I agree that I’m interested in the quality of people’s contributions and that it’s not linked to whether they’re a new user or not, but I do feel that a marker could be useful in pointing out people who might be open to improving their contribution quality, rather than those who’ve showed they don’t care.
Maybe at some point, in addition to a Data Quality Assessment, there will be an automated User Quality Assessment. Something like a social credit score. E.g. this user:
Eh, I don’t always respond to comments or DMs and I think scoring users on whether they do or not would create an expectation that we are supposed to respond to everything. But not everything requires a response, nor should users feel like they are required to respond to unsolicited messages that are irrelevant to them.
I like this idea in concept. It takes a significant amount of my identification work method in each cycle (one cycle = a time I review an observation to ID it) to open a user’s profile and check if they’re new. I was planning on providing a link to additional onboarding resources to users less than a month old the first time I ID for them, and it’s annoying to check user’s account age through the ID page. I always want to be the most welcoming to new users and make iNaturalist a better place for evidence collection and preprocessing so that we can get naturalists to stay and continue providing observations needed for research, and it’s a lot easier to help a new user get onboarded properly if I can see a marker saying that they’re new.
There is also potential to abuse this feature. A lot of new users are minors or young adults because they know how to use the tools of the Internet better, on average, than older adults. However, as a near-victim of Internet grooming (don’t ask), I recognize the potential for shady actors to look at new users’ “NEW” markers, judge them to be easily manipulable given the information in their profile, and begin the grooming process. The marker would probably have an insignificant effect on grooming compared to before because kids don’t often use the main app and are more vulnerable on other social media.
However, new users are sometimes better at using iNaturalist (understanding when to apply DQA, responding when asked to do something reasonable, editing and uploading observations so they are easier to identify and more accurate), etc. as was explained in an above comment.
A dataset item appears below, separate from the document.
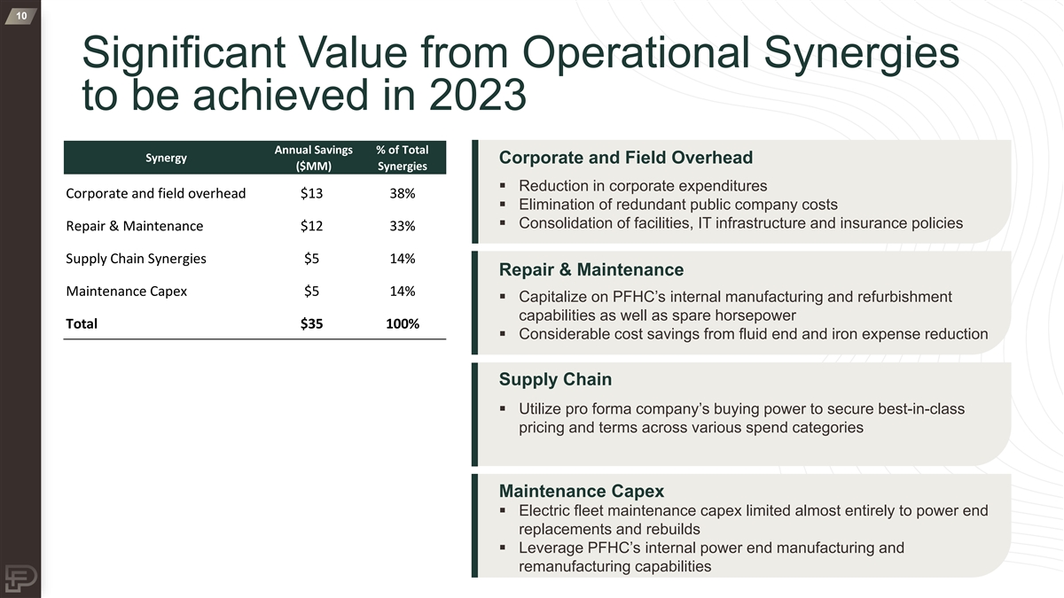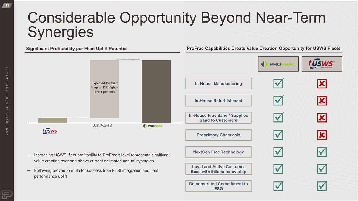 10 Significant Value from Operational Synergies to be achieved in 2023 Annual Savings % of Total Synergy Corporate and Field Overhead ($MM) Synergies § Reduction in corporate expenditures Corporate and field overhead $13 38% § Elimination of redundant public company costs § Consolidation of facilities, IT infrastructure and insurance policies Repair & Maintenance $12 33% Supply Chain Synergies $5 14% Repair & Maintenance Maintenance Capex $5 14% § Capitalize on PFHC’s internal manufacturing and refurbishment capabilities as well as spare horsepower Total $35 100% § Considerable cost savings from fluid end and iron expense reduction Supply Chain § Utilize pro forma company’s buying power to secure best-in-class pricing and terms across various spend categories Maintenance Capex § Electric fleet maintenance capex limited almost entirely to power end replacements and rebuilds § Leverage PFHC’s internal power end manufacturing and remanufacturing capabilities

The social credit idea is cool, but not everyone values the same social values as others. I personally like it when people are direct to me and don’t use figurative language when trying to get me to change something about my observations or identifications, and I don’t value participation in certain aspects of iNat as much (example: users that journal on iNat a lot are cool and are doing good work, but journaling does not necessarily make them more favorable to me). If this was a thing it should probably be best implemented as a browser extension rather than a native feature.